La disparation de l’ancien premier ministre de la France donnera lieu à un hommage national ce jeudi 26 mars. « Je veux avant toute chose dire ici l’émotion, le respect de la Nation tout entière et dire qu’un hommage national lui sera rendu jeudi », a annoncé Emmanuel Macron, président de la République. Les déclarations et hommages se sont multipliés ce lundi 23 mars. De François Hollande qui parle « d’Homme d’État qui a fait preuve d’une conception élevée de l’action publique fondée sur la probité, la clarté et la responsabilité », à Tedros Adhanom Ghebreyesus, directeur de l’Organisation mondiale de la santé (OMS), qui adresse » [ses] plus sincères condoléances à la famille et aux proches de l’ancien Premier ministre français ». Ancienne ministre de Lionel Jospin, Martine Aubry évoque « un homme de gauche qui n’a jamais trahi ses valeurs ».

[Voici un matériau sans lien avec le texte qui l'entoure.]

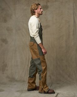 Built with our signature waxed cottons. our Double Hunting Bibs are a natural. durable barrier to rain. snow. and mud with the full-coverage comfort that only bibs can provide. They’re constructed with oil finish Shelter Cloth and reinforced with a second layer of Tin Cloth on the leg fronts. lower-backs. and seat — right where it’s needed to keep you dry. The lower-leg zippers make it easy to slip on and off over bulky boots. and they are protected by a snap-secure storm flap. Dual chest pockets keep essentials close at hand and are protected by snapped flaps. The elastic suspender straps and buttoning side gussets help you dial in custom fit for all-day comfort.
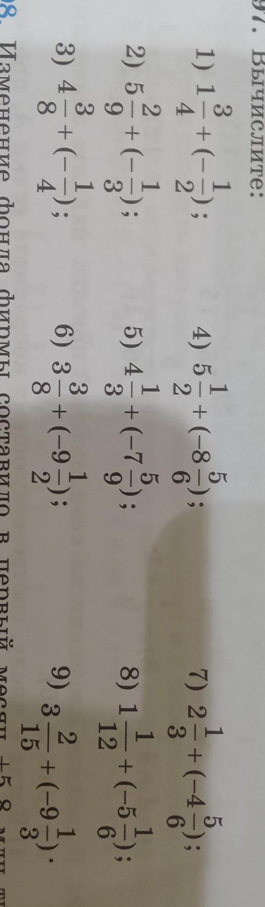 7) 2целых 1/3 + (-4целых 5/6) = 2целых 2/6 - 4целых 5/6 = -2целых 3/6 = -2целых 1/2
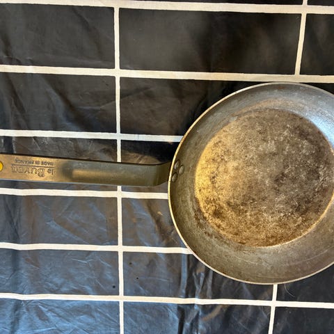 Korkeareunainen 32 cm halkaisija hiiliteräspannu.
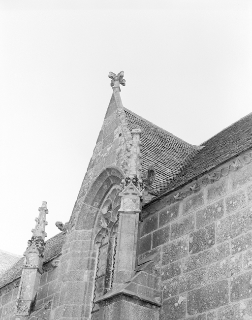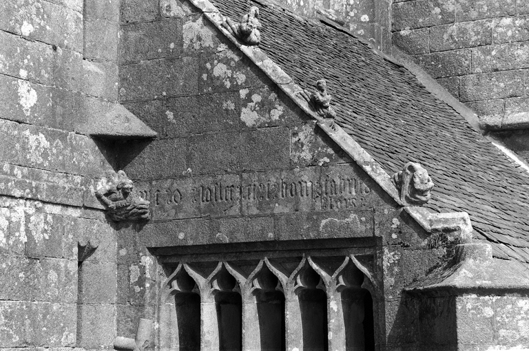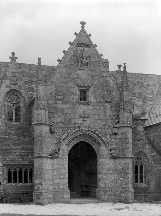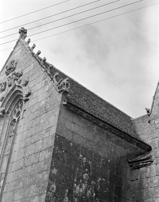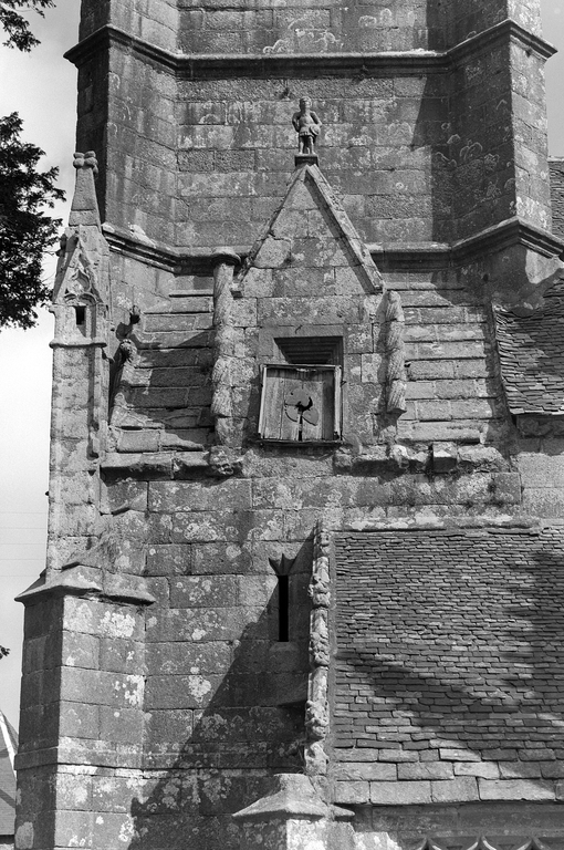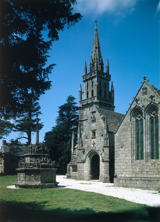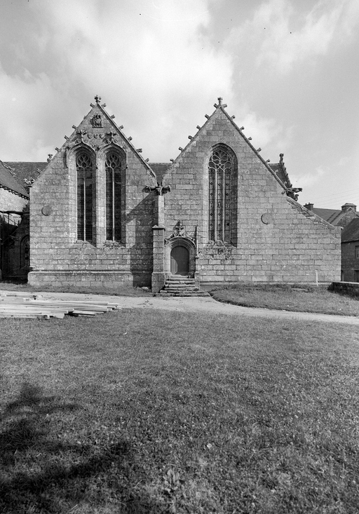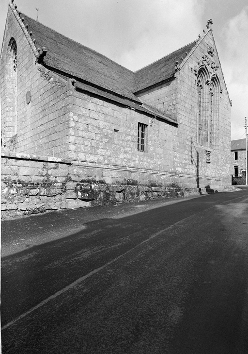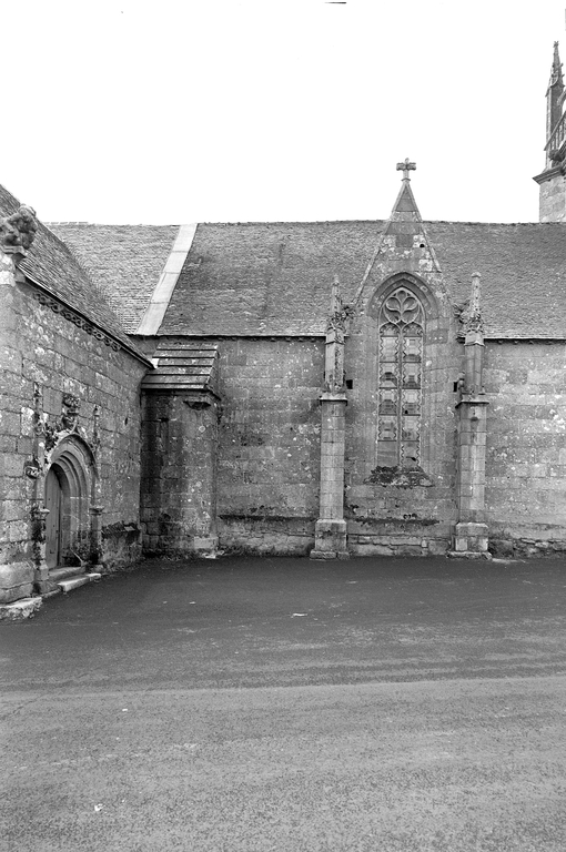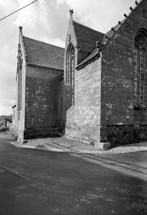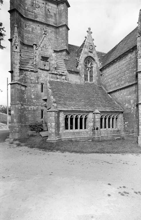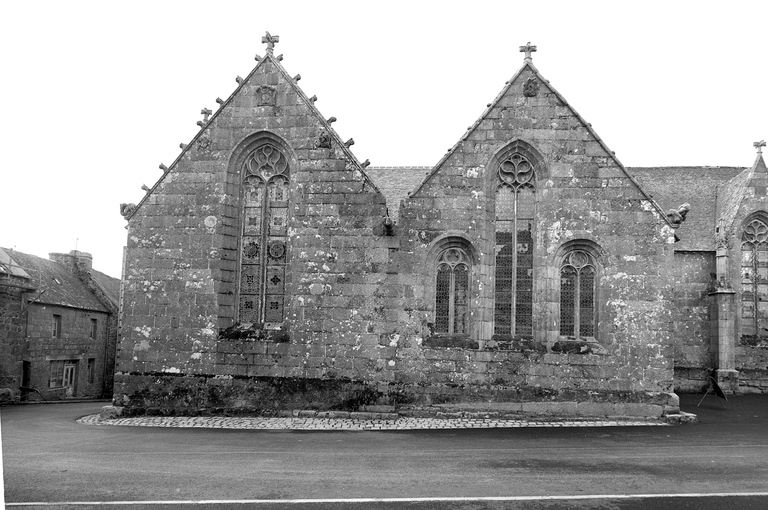 Eglise construite de 1550 (partie est) à 1554 (tour) par Pierre et Guillaume Jézéquel pour Richard Paul, C. Lostec et F. Borgne ; chapelle sud porte la date 1550 ; tour porte la date 1554.
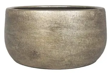 Decoratieve keramische schaal in industrieel goud met marmerachtige uitstraling, ideaal om planten, potjes of woonaccessoires stijlvol te presenteren binnenshuis.
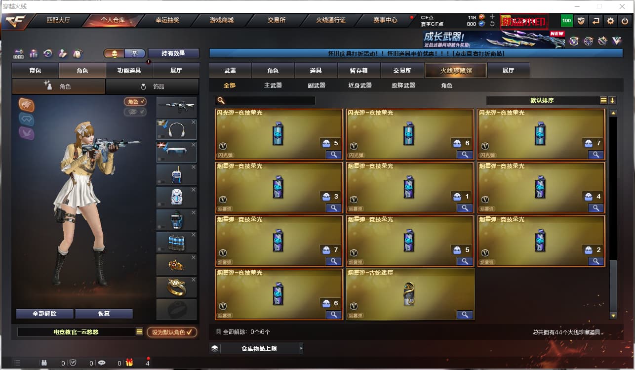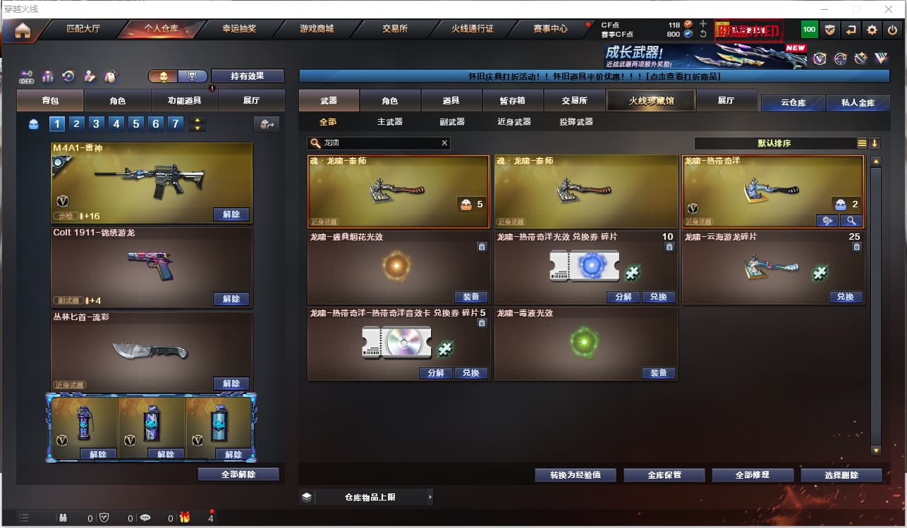 2322823-m200竞技荣光套 白虎)cf南部/南方大区/44v/m200竞技荣光套/白虎/雷神 化蛇皮/黑武士/超新星/金色蔷薇-古蛇迷踪/死神/暗月传说/屠龙动感闪耀/炼狱-百战金芒/龙啸/麒麟刺/云悠悠(四防)/可排
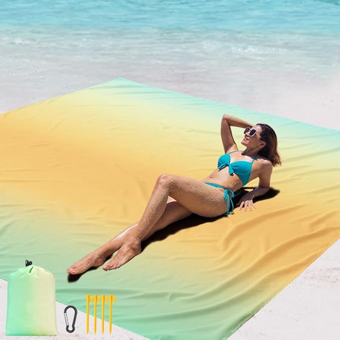 - 【OUTSIDE BEACH BLANKET】1 * Sand Proof Beach Mat;4 * Durable ABS Anchors Stakes; 1* Carabiner; 1 * CARRY BAG
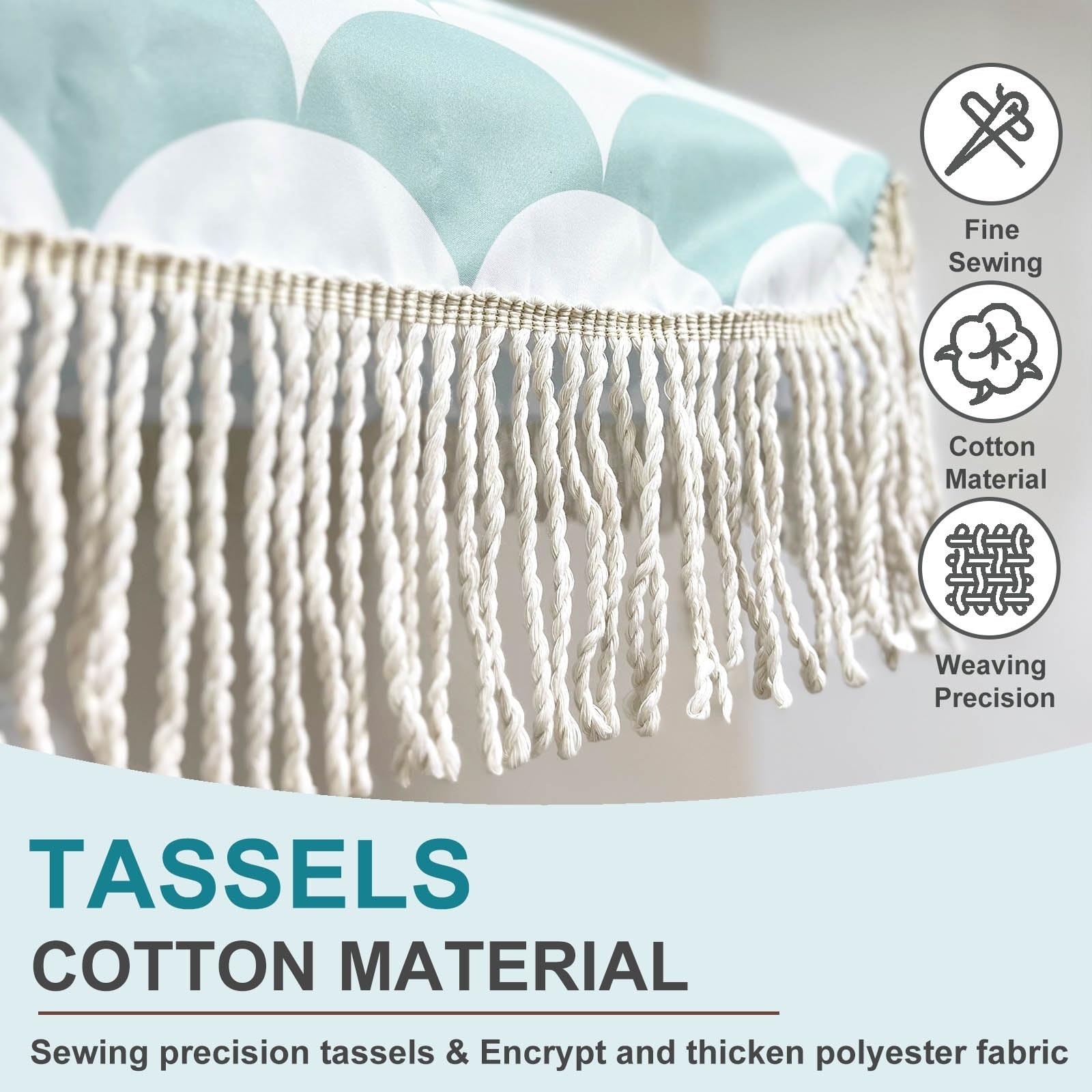 UPF 50 Boho Patio Table Umbrella Waterproof Outdoor Tassel Adjustable Portable
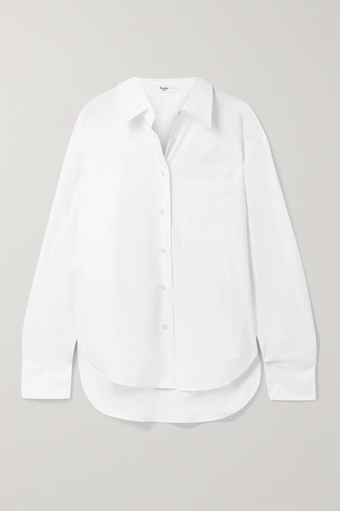 EDITORS'NOTES The Frankie Shop's basics are designed with timeless silhouettes and lasting quality, so you're sure to wear them often. This 'Lui' shirt is cut from organic cotton-poplin for a relaxed fit and has a rounded hem that's longer at the back. Wear yours with the matching shorts, jeans or tailoring, depending on the occasion. SIZE & FIT - Fits true to size, take your normal size - Cut for a relaxed fit - Dropped shoulder seam - Lightweight, non-stretchy fabric - Model is 177cm/ 5'10" and is wearing a size Small DETAILS & CARE - White organic cotton-poplin - Button fastenings through front - 100% organic cotton - Machine wash
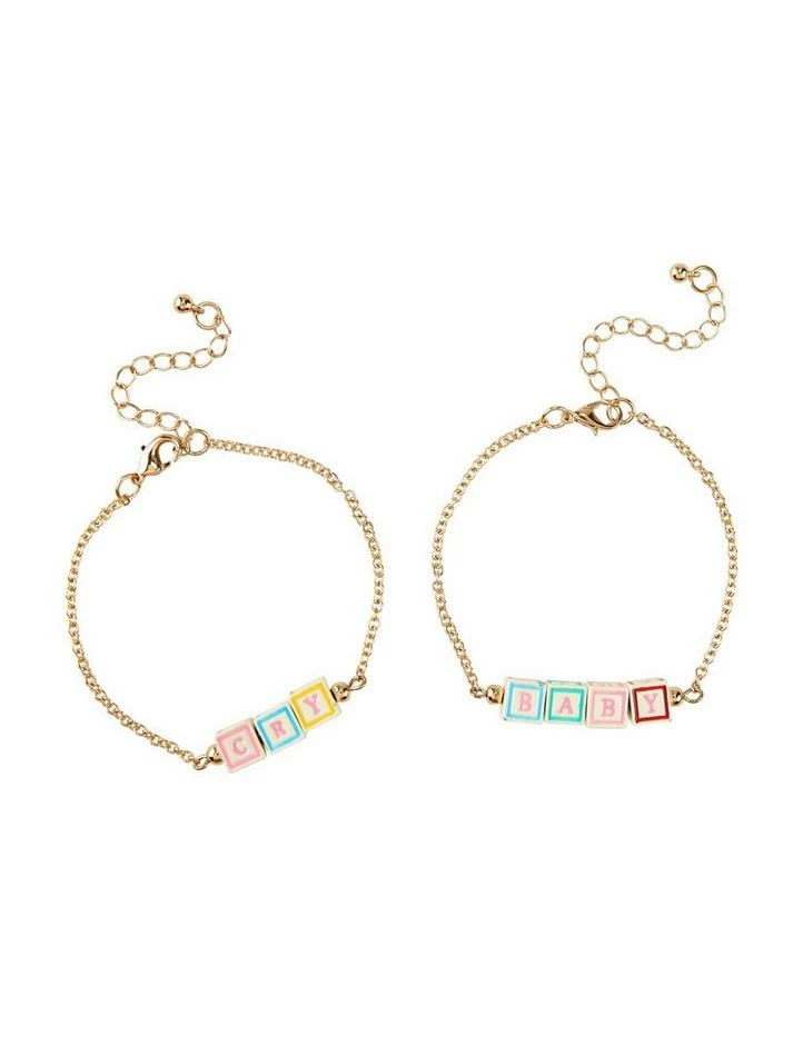 Gold tone chain bracelet set from Melanie Martinez featuring block letter designs on each that read “Cry” & “Baby.”
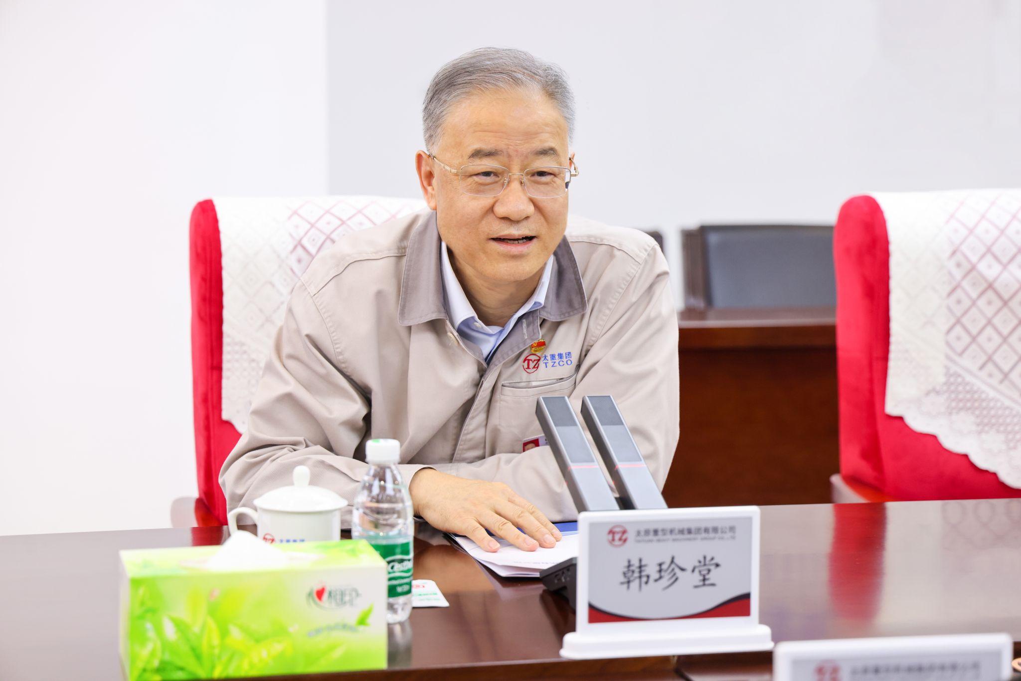 韩珍堂对高峰一行的到来表示热烈欢迎,并详细介绍了太重的发展历程、企业文化以及未来发展规划。他说,太重作为“共和国长子”,肩负大国重器的使命担当,与祖国同向同行。转型升级以来,太重开启了气势如虹的改革、创新和发展,进入了追赶超越的新阶段,正逐步向创造引领不断前行。近年来,太重持续加大研发投入,构建起“一重点、一中心、多基地”技术研发体系,创新优势不断转化为发展胜势,以“高端化、智能化、绿色化、国产化”为产品定位,不断推陈出新,越来越多的用户用上了国产化精品。同时,太重坚持全球化战略和国际化视野,深入推进国内外重点区域公司和维护中心建设,推动太重品牌扬帆出海。未来,希望能与太钢进一步开展多层次、宽领域合作,充分利用行业领先技术和地域优势,“一南一北”协同配合,深度合作推动山西制造业高质量发展,为谱写中国式现代化山西篇章作出更大贡献。
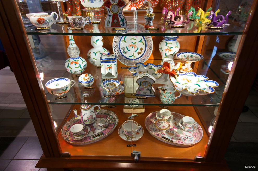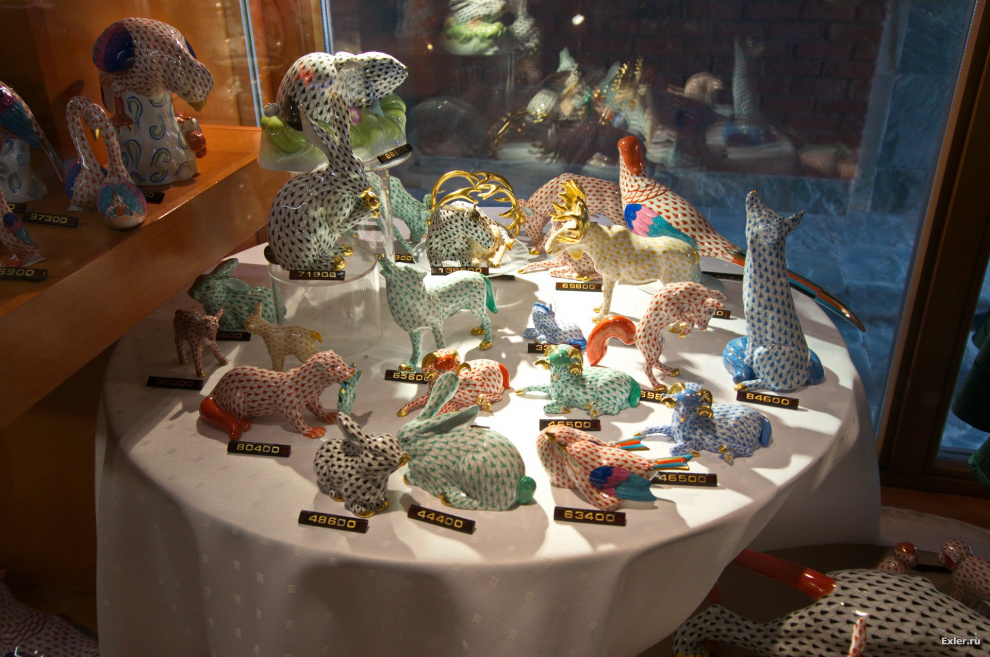 Во время тест-драйва Infiniti JX35 у нас было посещение знаменитой фабрики по производству фарфора в городе Херенде. Я поначалу на эту фабрику и идти-то не хотел в силу невысокого интереса к фарфору, однако стоило только зайти в магазин при фабрике, как мне сразу стало понятно, что там очень даже имеет смысл побывать, потому что фарфор они делают какой-то совершенно волшебный.
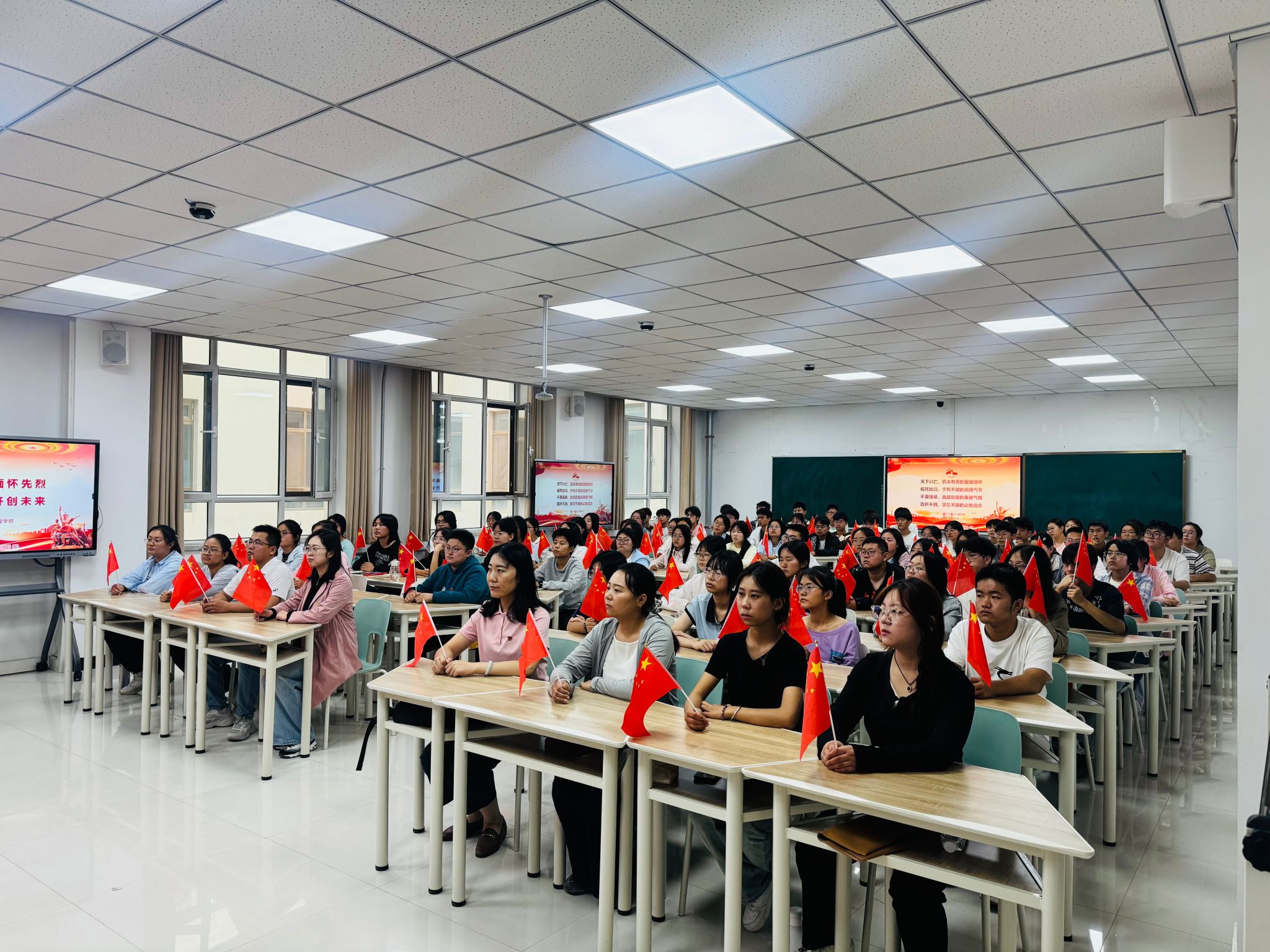 9月3日上午9时,纪念中国人民抗日战争暨世界反法西斯战争胜利80周年大会在北京天安门广场隆重举行。yl9193永利集团组织师生在多个分会场集中观看大会直播实况,激发广大师生的爱国热情和民族情怀。
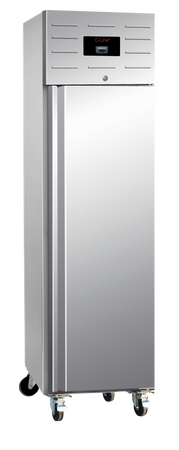 Wąska chłodziarka G-line została zaprojektowana z myślą o kuchniach o dużym natężeniu ruchu. Elastyczność zapewniają jej mocne kółka, a trwałość obudowa ze stali nierdzewnej. Wyposażona jest w regulowane półki i przystosowana do pojemników GN1/1 Gastro Norm. To produkt zdecydowanie wart swojej ceny.

Yaël Braun-Pivet, présidente de l’Assemblée nationale, annonce aussi un hommage ce mardi avant les questions au gouvernement.
Enfin, Edouard Geffray, ministre de l’Education nationale, a très tôt partagé un post sur les réseaux sociaux. « C’est avec une profonde émotion que j’ai appris la disparition de Lionel Jospin. Ancien ministre de l’Éducation nationale, il a profondément marqué l’École par son engagement en faveur de la démocratisation de l’enseignement et de l’élévation du niveau de formation de tous les élèves. Son action a contribué à faire de l’éducation une priorité nationale, au service de l’égalité des chances. Homme de convictions, il a porté une certaine idée de l’État, exigeante et fidèle à ses principes, dans laquelle l’éducation occupait une place centrale. En ces circonstances, j’adresse mes pensées à sa famille, à ses proches, et à tous ceux qui ont servi à ses côtés ».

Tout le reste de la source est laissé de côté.